DELTA: DEep Learning Transfer using Feature Map with Attention for Convolutional Networks (1901.09229v4)

Abstract: Transfer learning through fine-tuning a pre-trained neural network with an extremely large dataset, such as ImageNet, can significantly accelerate training while the accuracy is frequently bottlenecked by the limited dataset size of the new target task. To solve the problem, some regularization methods, constraining the outer layer weights of the target network using the starting point as references (SPAR), have been studied. In this paper, we propose a novel regularized transfer learning framework DELTA, namely DEep Learning Transfer using Feature Map with Attention. Instead of constraining the weights of neural network, DELTA aims to preserve the outer layer outputs of the target network. Specifically, in addition to minimizing the empirical loss, DELTA intends to align the outer layer outputs of two networks, through constraining a subset of feature maps that are precisely selected by attention that has been learned in an supervised learning manner. We evaluate DELTA with the state-of-the-art algorithms, including L2 and L2-SP. The experiment results show that our proposed method outperforms these baselines with higher accuracy for new tasks.

DEep Learning Transfer using Feature Map with Attention for Convolutional Networks: A Critical Overview

The paper introduces a novel framework called DEep Learning Transfer using Feature Map with Attention (DELTA) aimed at enhancing the accuracy of deep convolutional neural networks (CNNs) in transfer learning scenarios, particularly when faced with limited target domain datasets. The authors address two main shortcomings of traditional weight regularization methods in CNNs: the potential loss of valuable information due to inadequate regularization and suboptimal model performance due to overly restrictive regularization.

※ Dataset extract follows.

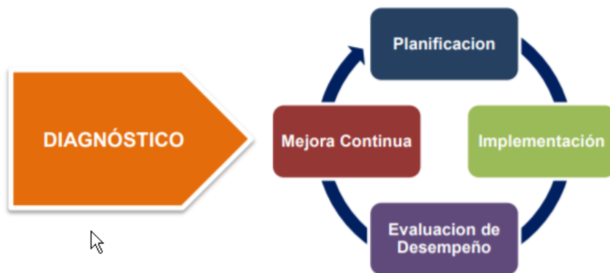
Figura 1 – Ciclo de Operación de seguridad y privacidad de la Información
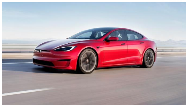
«Tesla Model S» с элементами автоведения

Theoretical Foundations and Methodological Advances

DELTA aims to preserve the semantic value of the pre-trained network's feature maps instead of merely anchoring network weights. This approach harnesses supervised attention to define the optimal feature maps for alignment between pre-trained and target networks. Specifically, DELTA computes the distance between feature maps generated by the source and target networks, re-enforcing those with higher discriminative power through supervised attention weights. This methodology adopts a behavioral regularization strategy, focusing on the outputs (behavior) of the network's outer layers rather than merely on the network's internal weights.

The paper delineates the integration of DELTA with existing techniques like $L^2$ and $L^2\text{-}SP$ by employing the starting point as reference (SPAR) strategy. This integration is achieved by balancing a parameter-based proximal term to help maintain consistency in inner layer parameter estimation.

Experimental Evidence and Implications

Empirical evaluation reports indicate that DELTA surpasses traditional methods like $L^2$ and $L^2\text{-}SP$ on various datasets, including Caltech 256, Stanford Dogs 120, MIT Indoors 67, and others, achieving impressive improvements in classification accuracy. The effectiveness of DELTA is particularly notable in fine-grained image categorization tasks as demonstrated on datasets such as the CUB-200-2011 and Food-101, where DELTA results in top-1 accuracy improvements over other state-of-the-art transfer learning strategies.

The results, highlighted through detailed comparisons, demonstrate DELTA's robustness and its capacity to efficiently reuse and re-weight "unactivated" channels — convolutional segments not contributing significantly during pre-training — enhancing model generalization without catastrophic forgetting.

Broader Impact and Future Directions

The success of DELTA suggests further exploration into behavior-based regularization methods in deep transfer learning across different architectures. There remains potential for incorporating more advanced attention mechanisms and integrating DELTA into larger, diverse neural networks. It paves the way for more refined algorithms handling dynamic transfer scenarios, where attention dampened weights could adapt continually to emerging patterns and datasets.

DELTA's ability to improve transfer learning outcomes holds practical significance in domains with scarce labeled data, presenting implications for applications in commercial and research-focused AI projects. Future research could explore cross-domain adaptation and apply DELTA in new fields like natural language processing and other AI areas reliant on transfer learning frameworks.

Conclusion

DELTA represents a significant shift in addressing CNN transfer learning challenges, leveraging feature map behavioral data with a focus on attention-mediated weight optimization. Its superiority over conventional weight-centric techniques and enhancements in classification accuracy signify a noteworthy progression in the field of transfer learning, offering profound implications for advancing AI applications reliant on deep learning technologies.